スタッフの方は相談にも乗ってくれ、何かが具体的に変わるわけではないけれど、雑談のように話せることがひきこもり状態を解決する方向へ繋がっていきました。ひきこもっていたその時間の中で培った悩みや辛さ、人生の中で抱え込んできた苦しさを吐き出して振り返る事が出来た事は、一人だけでは出来なかった自分を癒す時間となったと思います。進んだかの様に見えてもまた戻ってしまったりと何度も行ったり来たりしていましたが、決して急かすことなく見捨てず共に歩んでくれたので、自分のペースで進む事が出来ました。
私がひきこもっていた当時は「過去」しか見えず、毎日がとても辛い日々でしたが、時間をかけて自分を癒せた結果、「今」が少しだけ見えるようになってきた気がします。

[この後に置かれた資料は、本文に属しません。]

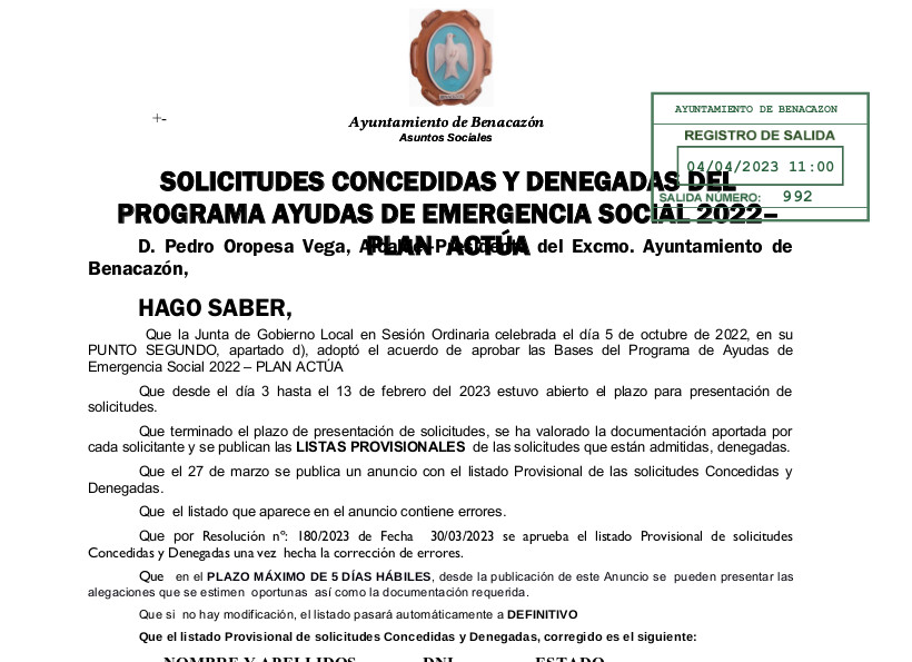 El Ayuntamiento de Benacazón informa, una vez terminado el plazo de presentación de solicitudes para el Programa de Ayudas de Emergencia Social 2022-Plan Actúa, se ha valorado la documentación aportada por cada solicitante y se publican las LISTAS PROVISIONALES de las Solicitudes que están Admitidas y Denegadas, publicadas a continuación en documento adjunto.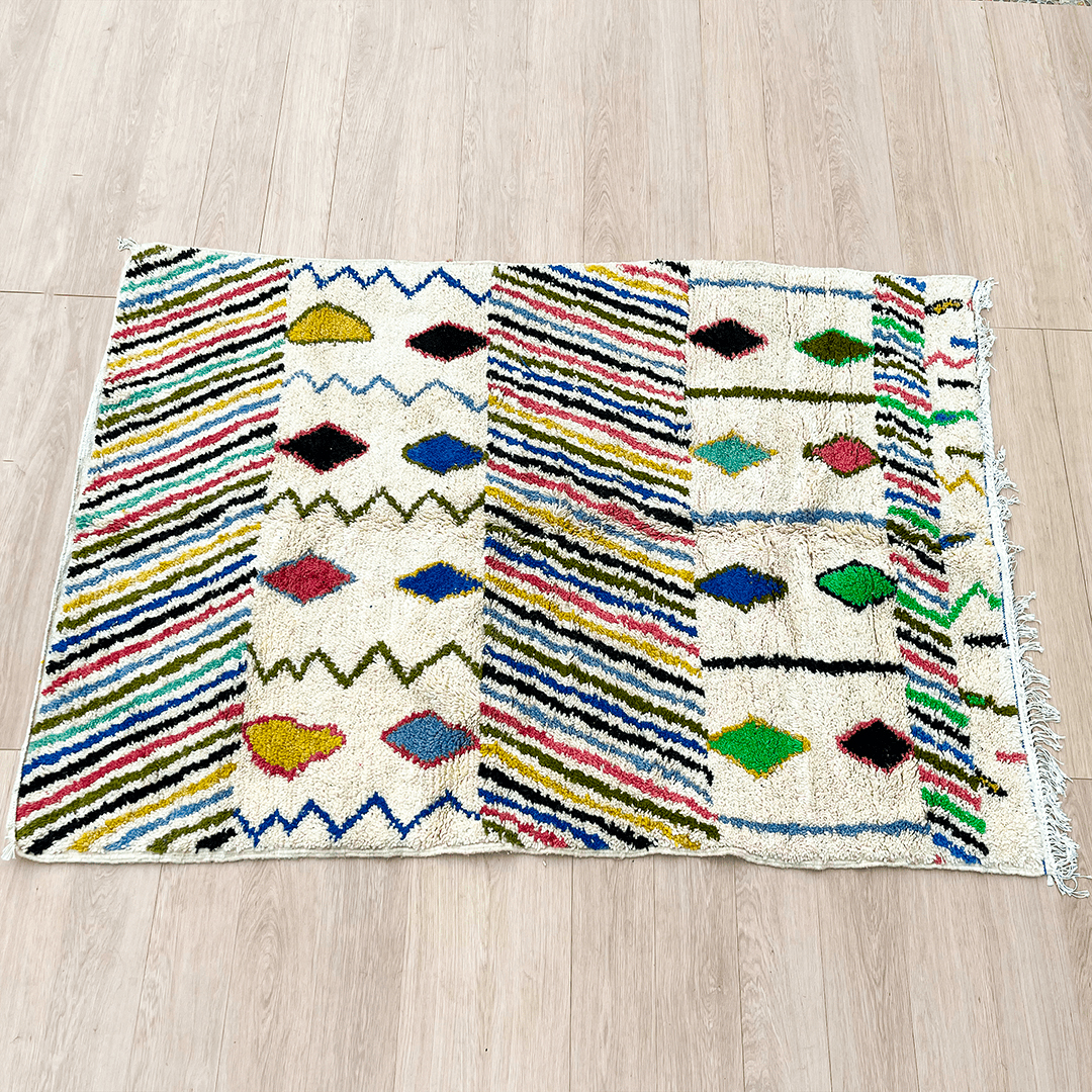 Each Azilal rug is unique, featuring bold, abstract patterns and intricate motifs that reflect the rich cultural heritage of the Berber tribes. The rugs are hand-knotted with a single-knot technique, making them both soft and lightweight, yet durable enough to withstand everyday use. These rugs are ideal for modern homes looking to incorporate a piece of Moroccan tradition with a contemporary touch.

一人でいる時間が意外と好きだからあまり出たくないということも、これも自分の一つなのだと許せるようになってきました。
すてっぷとの係わりの中で私は、人生の中であまり感じたことが無かった、幸せで大切な時間を過ごせたと思います。この時間は私にとって、当時どうしても行くことの出来なかった中学生時代を別の形で過ごしていたような気がしています。最初にひきこもってしまった当時にすてっぷのような場所が無かったのは残念ですが、今はその場所がある事をとても嬉しく思えます。
辛い時は相談してもいい、誰かに頼ってもいい。苦しさを吐き出した時、救ってくれる人は意外と居るかもしれません。ひきこもる事は決して悪いことではないし、ただ偶々そうなってしまって、それ以外の選択が出来なかっただけだと思います。傷ついてしまった心を癒すだけの時間ときっかけさえあれば、再び自分の人生の時間を過ごす事が出来るのではないでしょうか。
私は本当に歩みが一つずつで、人や社会と比べて歩むスピードは遅いけれど、ひきこもった私なんか・・・ではなく、ひきこもった私だからこその、一つの人生を持った自分として、自分らしく生きられたらと思います。